Review: Incarcerated: Letters from Inmate 92510 by Inger Iversen

This book may be unsuitable for people under 17 years of age due to its use of sexual content, drug and alcohol use, and/or violence.
Title: Incarcerated: Letters from Inmate 92510
by Inger Iversen
Published by Inger Iversen on September 29th, 2014
Genres: adult, contemporary, romance
Pages: 342
Format: eBook

One of the few white kids in a rural Kentucky town, Logan Whyte always kept to his own kind out of self-preservation. He never considered himself racist, but that didn’t stop him from falling in with the wrong crowd that celebrated hate as much as he fought it - or from ending up in prison for eight years on an armed robbery charge.

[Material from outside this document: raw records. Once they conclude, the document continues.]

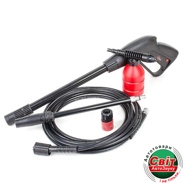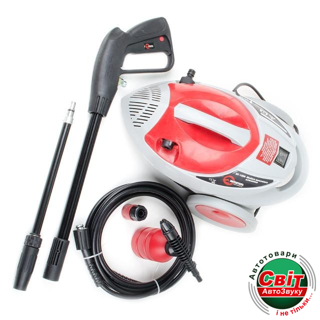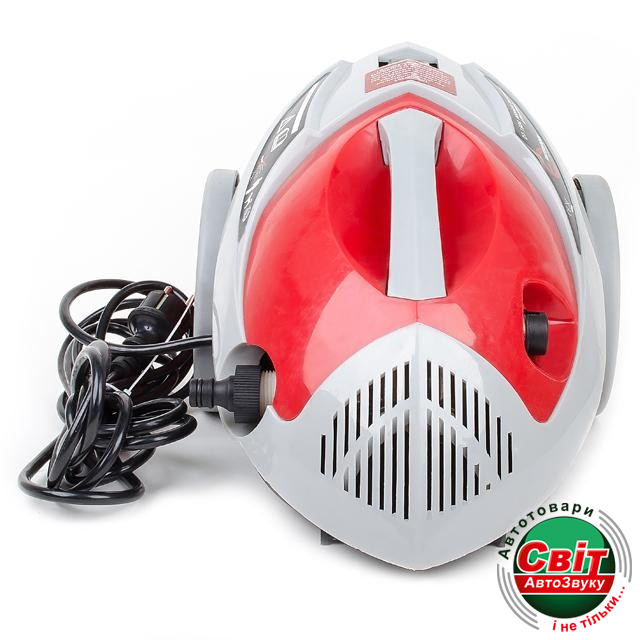 Мінімийка INTERTOOL DT-1504Мойка DT-1504 – это мощный водяной очиститель высокого давления, который поможет вам помыть машину, лодку, мотоцикл, тротуар, стены дома и т.д. Отличительной особенностью этой мойки является то, что она может производить забор воды из резервуаров и не требует обязательного подключения к водопроводу. Несмотря на небольшой размер, насос очистителя создает внушительное давление с регулировкой от 75 до 135 бар, подает воду со скоростью 384 литра в час, причем воду можно использовать с температурой до 50°C. Мощность электродвигателя, приводящего в действие трехплунжерный насос мойки – 1500 Вт. Помпа инструмента – металлическая. При использовании очистителя, особенно при заборе воды из резервуара, рекомендуется применять водяной фильтр грубой очистки.
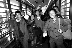 | 272名滞留利比亚的中国公民乘坐东航的撤侨包机抵达上海(2011年2月27日摄)。 新华社发 |
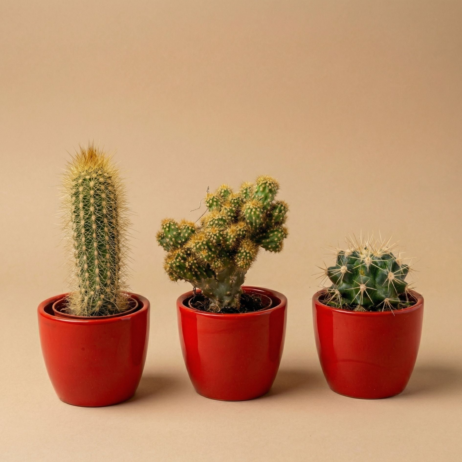 Cactus Set of 3 with Red Mini Pot - Mixed Live Cacti - ↑ 8–12 cm
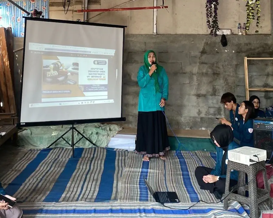 Program ini berfokus pada pemberdayaan sosial pelaku UMKM melalui edukasi komunitas, diskusi kelompok, serta pencanangan forum komunikasi UMKM antar-RW. Mahasiswa menyampaikan materi mengenai pentingnya kerja sama komunitas, penguatan solidaritas sosial, serta membagikan booklet berisi panduan kolaborasi dan jejaring usaha. Selain edukasi sosial, kegiatan ini juga menghasilkan komitmen awal terbentuknya forum UMKM RW 05 dan RW 06 sebagai ruang komunikasi bersama. Forum ini diharapkan dapat menjadi wadah kolaboratif bagi pelaku UMKM dalam berbagi informasi, peluang usaha, serta kerja sama produksi.

A successful and educated black woman, Katie Andreassen is tired of being accused of betraying her own race. Her lonely isolation, coupled with her grief over losing her mother, inspire her to create a new pen pal program at Capshaw State Penitentiary, where her father is a warden.

The program brings together the unlikely pair, but Logan and Katie soon find themselves forced to overcome past fears and prejudices. Their friendship doesn’t come easily - threatened by a crooked lawyer with a grudge and a best friend who betrays her promise to help.

When faced with a world that forces them apart, Logan and Katie must show everyone else what they have discovered: that love is, in fact, colorblind.

Let me start off by saying this… I didn’t love Incarcerated but I didn’t hate it either. I’d say I thoroughly enjoyed it up until about 80%. I’ll just go down my list of points. I’ll start at the cover because it was undoubtedly the first thing that pulled me in. This ebook cover is up there but here’s the audiobook (I swapped back and forth). They’re both equally gorgeous. I stepped out of my comfort zone for this one. I would normally never read something that has a convict as one of the main characters. It’s just not something that appeals to me and brings up some bad memories. So I took the plunge. Katie is the female lead in this story. She enters into this pen pal program for the incarcerated as a way to rid herself of her own loneliness.

It’s a romance, so you have to figure that she’s going to fall for this guy. I think that was my biggest hurdle when I was reading this. I couldn’t figure out a logical reason why she would fall for someone that is in jail, but hey, it happens. Then, to top it off, Logan has issues with any race besides his own. He’s got a troubled past and it affects they way he views people. I was waiting for the proverbial “shit to hit the fan.” I knew it was going to happen. After all, Katie is black but he thought she was white. It was like the elephant in the room. You know it’s there and the other parties are completely unaware. This could end badly. But it didn’t! There were a bumps in the road and it was a long one.

Some new information was brought to light and I felt better about rooting for their relationship. I almost felt like it was doomed to fail given his hatred. The romance between Logan and Katie is beautiful. My concern was still there though. He had this deep seated hatred towards other races and it’s not going to go away overnight…I get it. I just expected him to start warming up to it sooner than he did.

Back to where it went downhill for me….80%. I switched to the audiobook and felt like I had missed a few chapters. I couldn’t believe the direction it went in with what happened in the previous chapter. I literally rewound it several times, convinced that I missed something. I didn’t…and I really hate the way the last chapter ended. Don’t get me wrong, I’m all for happy endings, but it didn’t feel realistic to me. The epilogue was definitely needed. It made me feel a little better knowing that he was working to change himself.

Inger Iversen was born in 1982 to Anne and Kaii Iversen. She lives in Virginia Beach with her overweight lap cat, Max and her tree hugging boyfriend Joshua. She spends 90 percent of her time in Barnes and Noble and the other ten pretending not to want to be in Barnes and Noble.